All that had to be done was get approval from the management office to drill a hole. Yes you did read that bit right… get permission from the management office to drill a hole.
The proper aircon expert arrived to undertake the work on Sunday only to be told that the rules, known as Policy (capitalised due to the way in Policy is bestowed on lowly human beings by powers beyond the understanding of mortals) did not allow drilling on a Sunday. Incredulous the family asked when Policy did allow drilling. Apparently the good people of Desa Park City could drill to their hearts content between the hours of 9.00am and 3.00pm, six days per week, but never outside these hours. Policy dictated so. But the family’s aircon expert could not come to house between those times. Stalemate. Drilling could not be done. Policy.
Somehow or other, thanks to filling in of various forms, complex logistical arrangements, rictus grins and not telling various characters where Policy should be shoved, the hole, approximately two centimetres in diameter, was drilled and the job was finished. Not before the management office insisted, once again, that any drilling be completed before the afternoon drilling curfew.

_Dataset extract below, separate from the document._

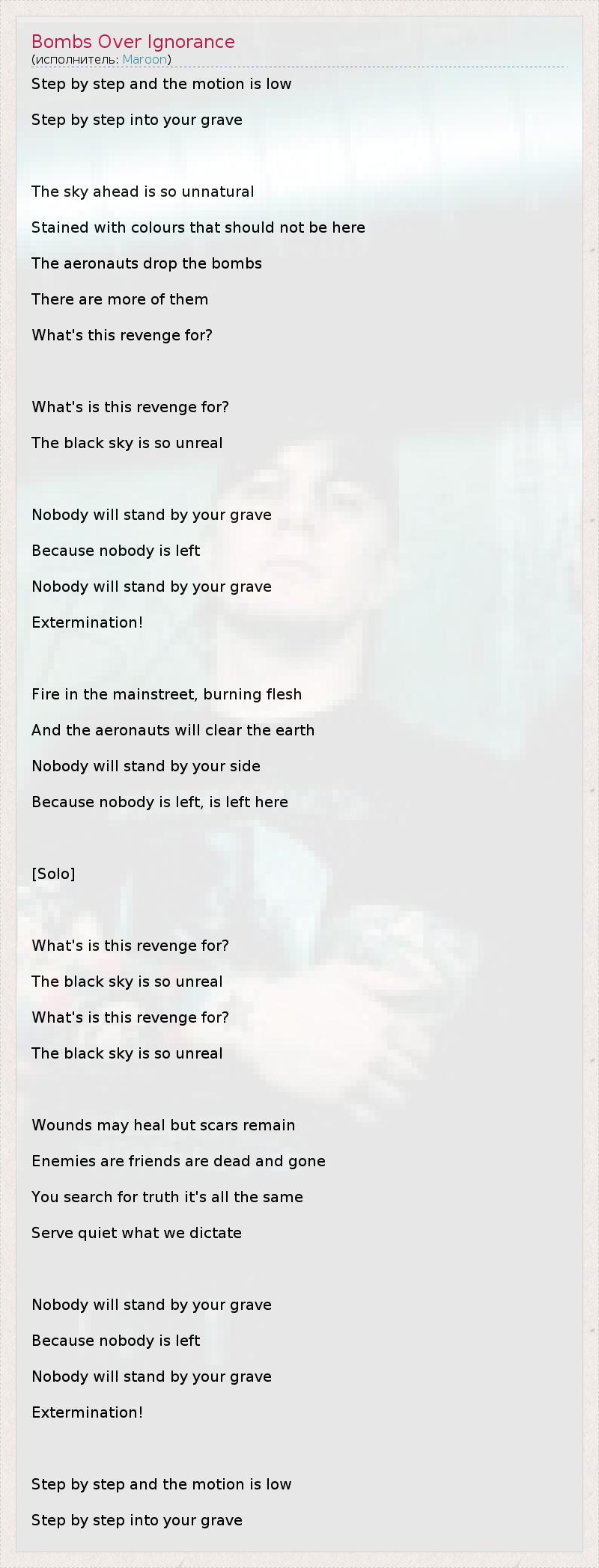 ГлавнаяИсполнителиMaroonBombs Over Ignorance

So that family now have two fully functioning aircon units and the correctly drilled hole in the right place. And what have the family learned? Well the importance of doing the best job possible in the first place (note to house designers and builder the world over and Desa Park City), the local drilling Policy and that the world inhabited by the management office folk is only a short distance form the world known to many as “real life.”
PS. One of the members of this anonymous family is very tempted to buy their first ever drill plus a large pile of rocks and spend six hours each Saturday drilling away for the shear hell of it.